Missing, Presumed

‘Shall we sit together this time? Would you mind?’ he says.

And she smiles. He has forgiven her and she is taken up with the sensation of his proximity – a new feeling, a new smell – and interested in where it might take them.

The boy in the film is called Ingemar. His mother is dying and he keeps saying, ‘It could have been worse,’ which reminds her of Fly. She feels her phone vibrate and opens it up to see a text from him, containing a photograph of strawberry laces and the words: One of my five-a-day.

The cinema screen flickers black and white, colours and daylight. Words are said but she has lost track. His large hand is on the armrest between the two of them and she takes it in hers. Something receptive in her, like a flower opening, sad and vulnerable. He looks at her, then clasps her hand in return, and they both lean in and put their temples together. Her body is shaking on the inside and the vast cinema screen surrounds her with its flickering, meaningless images. She closes her eyes. His hands are big and enclosing, rough on the thumb pads. Foreign hands, new to the touch. He makes tiny stroking movements with his thumb and she can feel the aftershock between her legs. She senses the movement in the air when he blinks. He is seeking out her lips now, soft and dry, very gentle on hers, and her stomach flips over itself. She is dissolving into the dark. Alan the systems analyst, with voluminous corduroys and trainers like ocean liners. Who knew? Something unspoken, like a scent, makes her being reach towards him, and she is ardent, as if all the feelings are hers, far more than his, and she fills up all the more for it being so.

When the lights go up, their heads are still together, though her neck is hurting now and their hands have grown clammy.

‘Coffee?’ he says, and she nods.

They walk up the cinema stairs to the art deco café, as before. The same table but this time, when he walks towards her carrying their drinks – she’s having mint tea to freshen her breath – she notices his elegant hands.

He loops his maroon scarf over the back of the chair, saying, ‘I loved the stuff about the dog sent into orbit by the Russians. Think of him and nothing is that bad in comparison.’

Oh, she thinks, you were concentrating.

She takes a sip of tea.

He leans forward. ‘What now, Sergeant?’ he says with an ironic expression, and it’s as if he’s saying, Wither the rest of our lives?

‘What now indeed,’ she says.

They sip their drinks, each with both hands around their cups and elbows on the table, and she wonders, did anything happen in there? Or did I imagine it all?



They lie in her bed. His arm is under her n eck and she is holding the weight of his forearm at the wrist. Bouncing it occasionally.

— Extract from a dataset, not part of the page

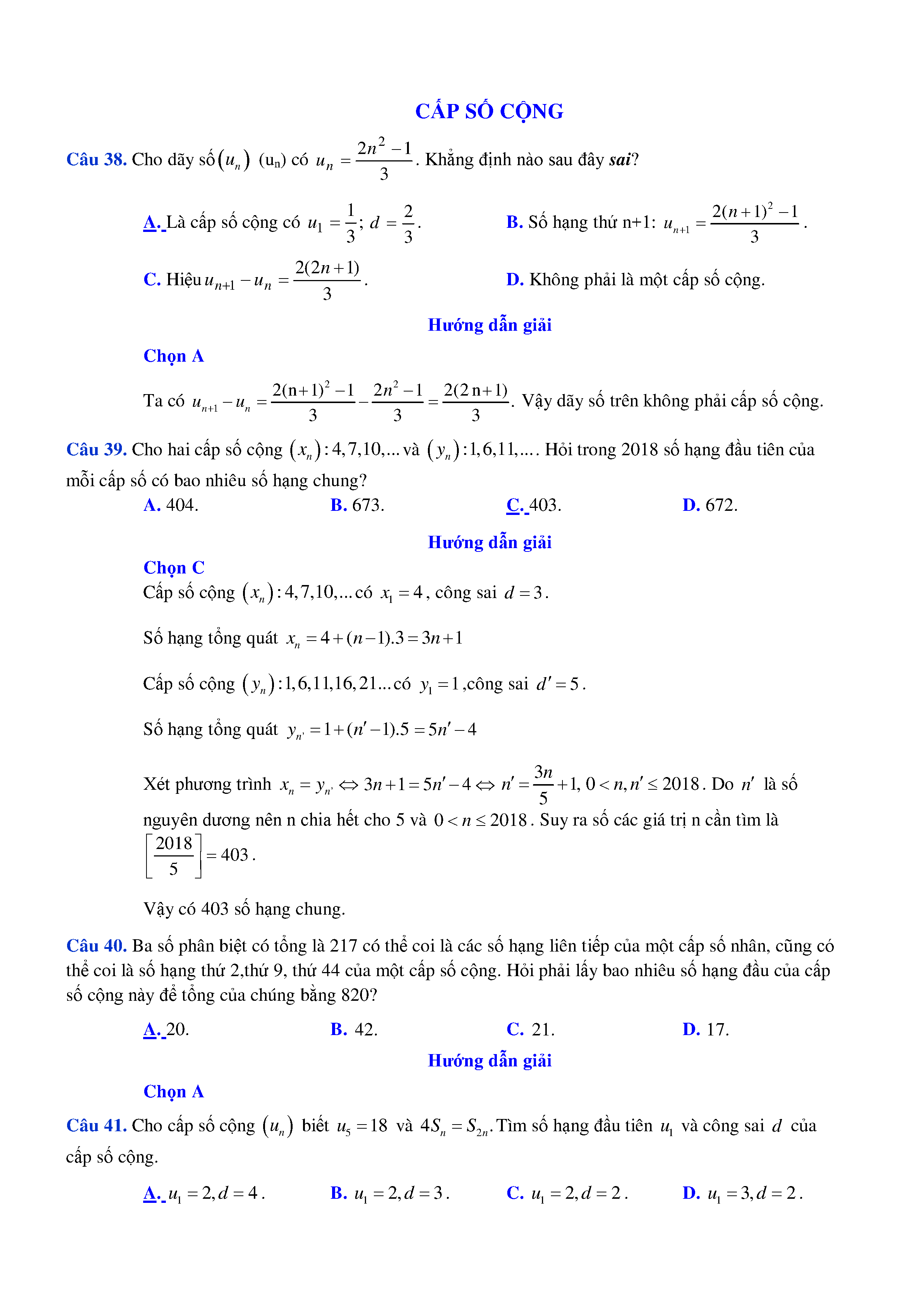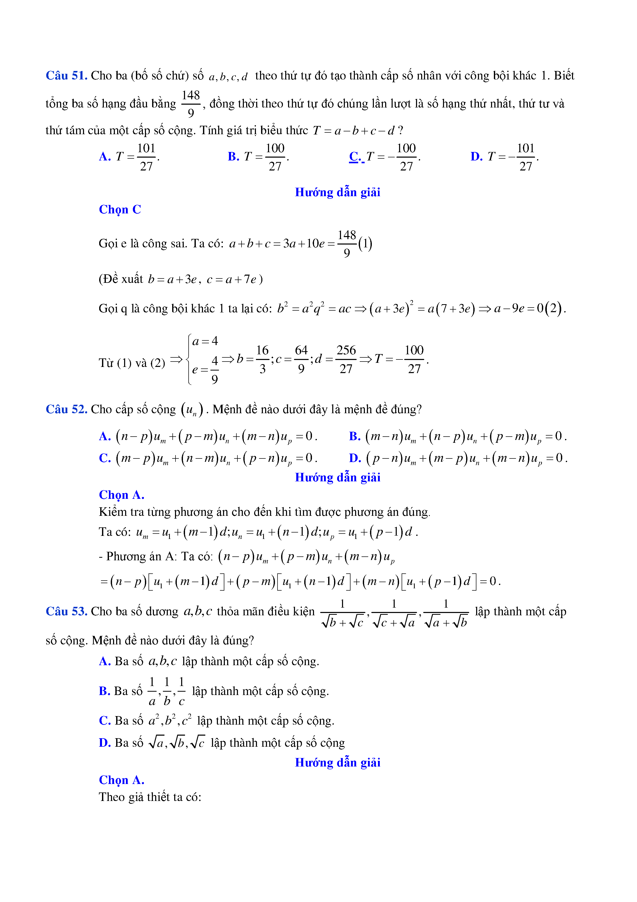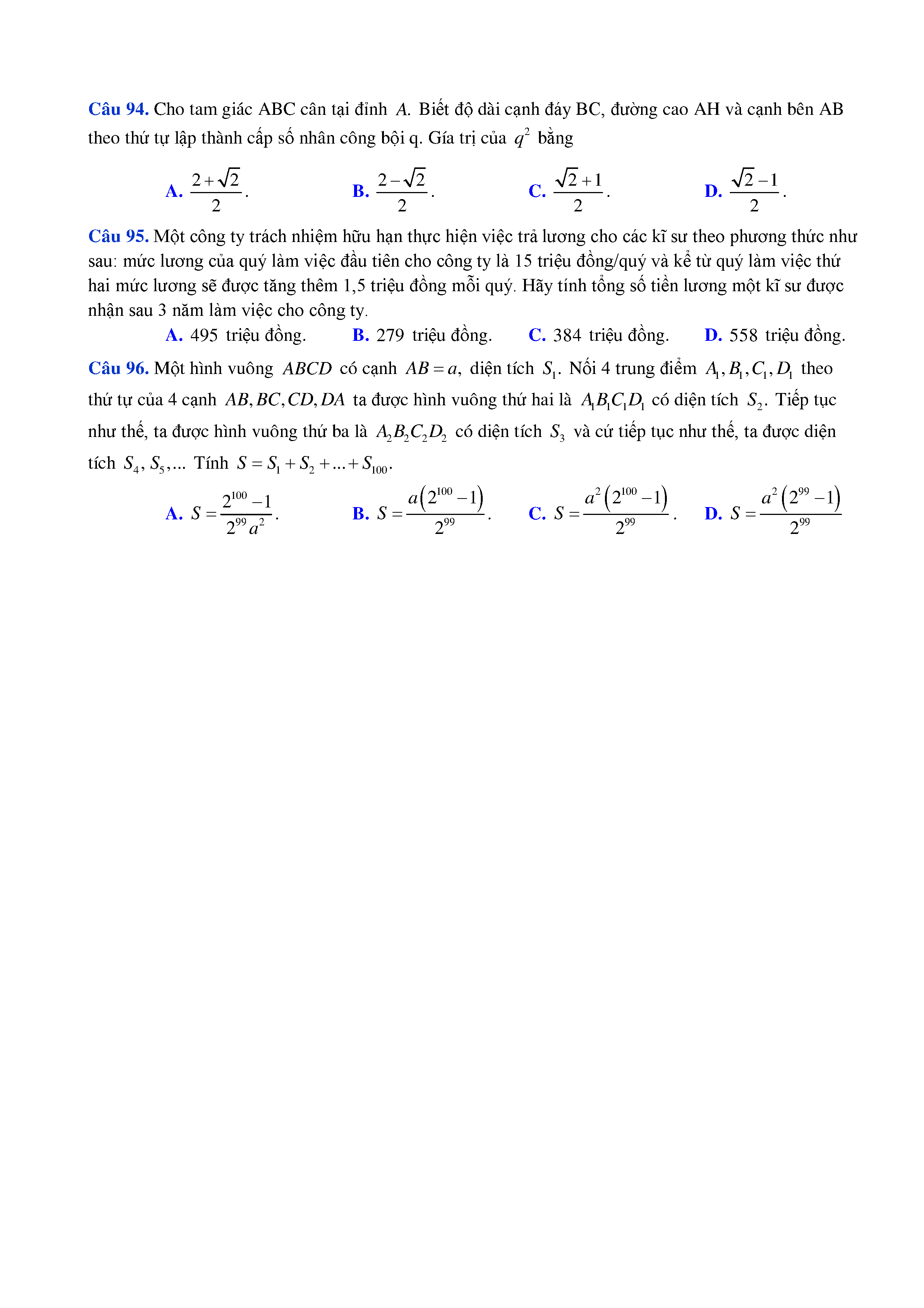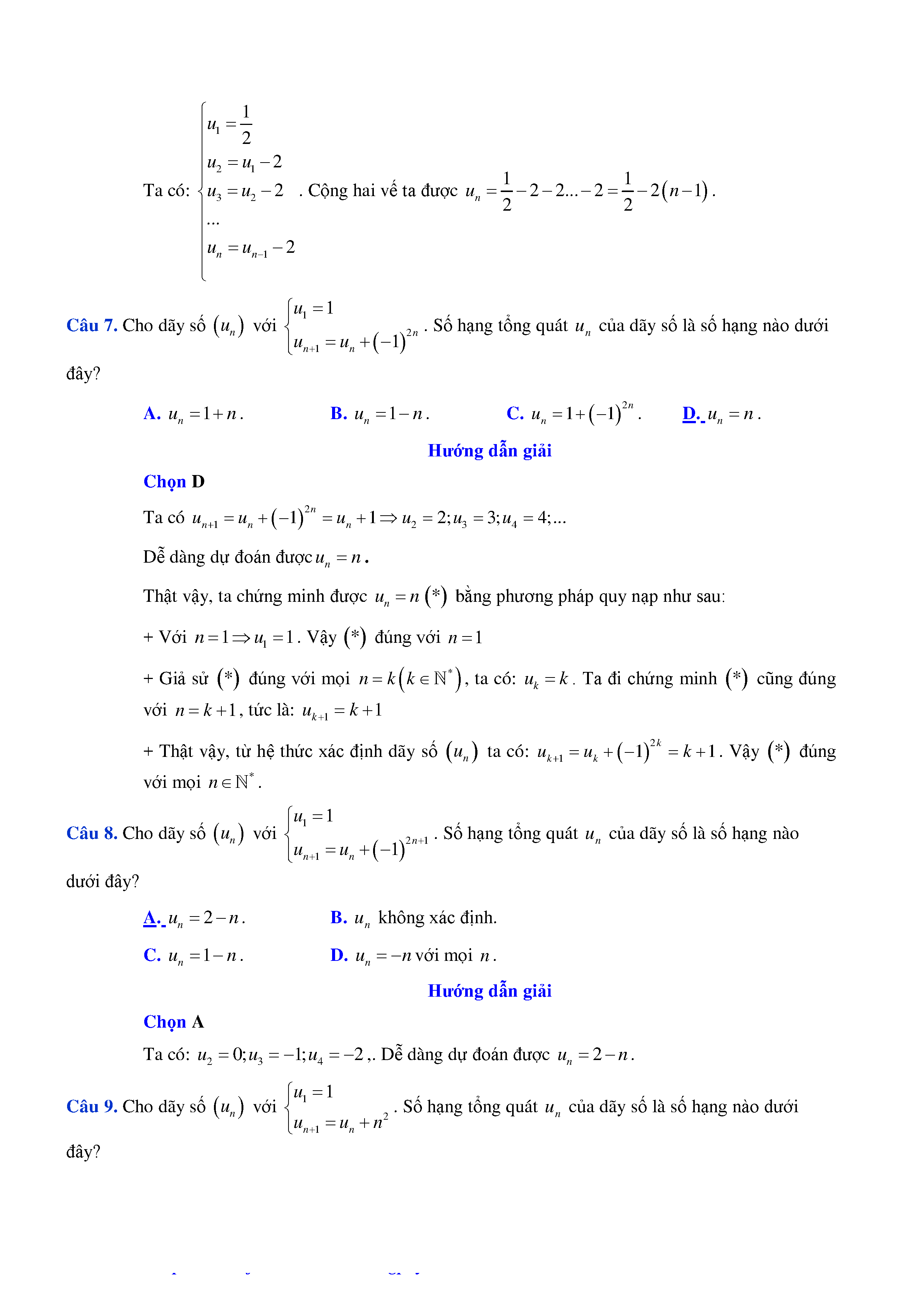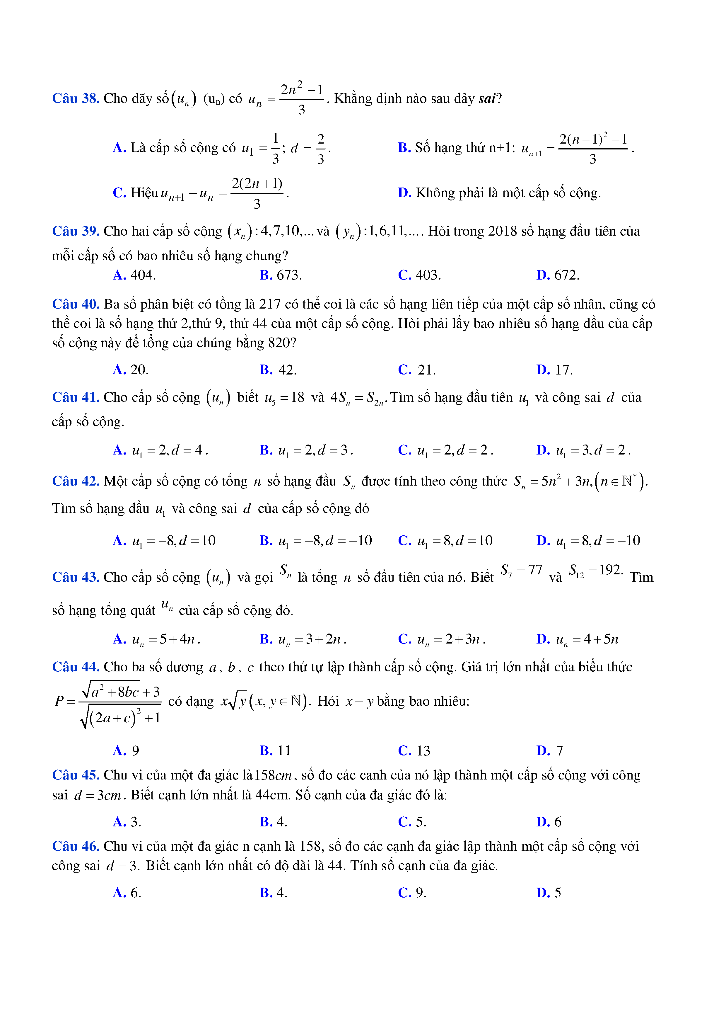 Trắc nghiệm nâng cao chuyên đề dãy số, cấp số cộng, cấp số nhân

‘I think you should know,’ she says, looking at the ceiling, ‘that my basic position on life is that it’s shit.’

‘Oh, I’m with you. I only stick around for the food and, frankly, that’s often crap as well.’

She laughs. Bounces his wrist in her hand. ‘It’s like, take Christmas,’ she says.

‘Brilliant dinner, awful day.’

She laughs again.

‘I think part of the appeal is that slight out-of-reach quality,’ he says.

‘You mean: “Oooh, I’m almost having a good time … Oh no, I’m not.”’

‘Yes, that’s it. Well, no, it’s more: “I’m going to enjoy it, I’m going to enjoy it, I’m going to enjoy it … Oh no, it’s rubbish again.”’

‘It’s expectation,’ she says. ‘That’s what kills off enjoyment. Holidays are stressful for the same reason.’

After a time, he says, ‘The dog. I’ve got to go back for Nana – let her out.’

Her insides tighten with the disappointment, but then he says, ‘Come with me?’



She opens one eye into the grainy morning light, forgetful for one moment, then sees his crumpled form next to her, burrowed down into the pillow. Blissful January! The cold swirling the room, but oh it is warm in the bed and we are two. We are two. She kisses his bare shoulder, smelling his skin, malty and male, like sourdough. Alien male! This is what she needs: a person who is other.

She rolls onto her back and closes her eyes. She feels his weight upon her, his lips soft and dry, his over-sweet breath which he is trying to disguise by keeping his mouth shut, his erection against her leg.

‘Well, hello,’ she says, laughing.

‘Hello,’ he mumbles, as if she shouldn’t make a joke of it.

His voice is gravelly, his eyes closed like a little rodent, bruised and nocturnal, so she wonders if he’s still asleep and wanting her out of his unconscious self, his sleepy, atavistic morning maleness. Oh joy. Hello, you.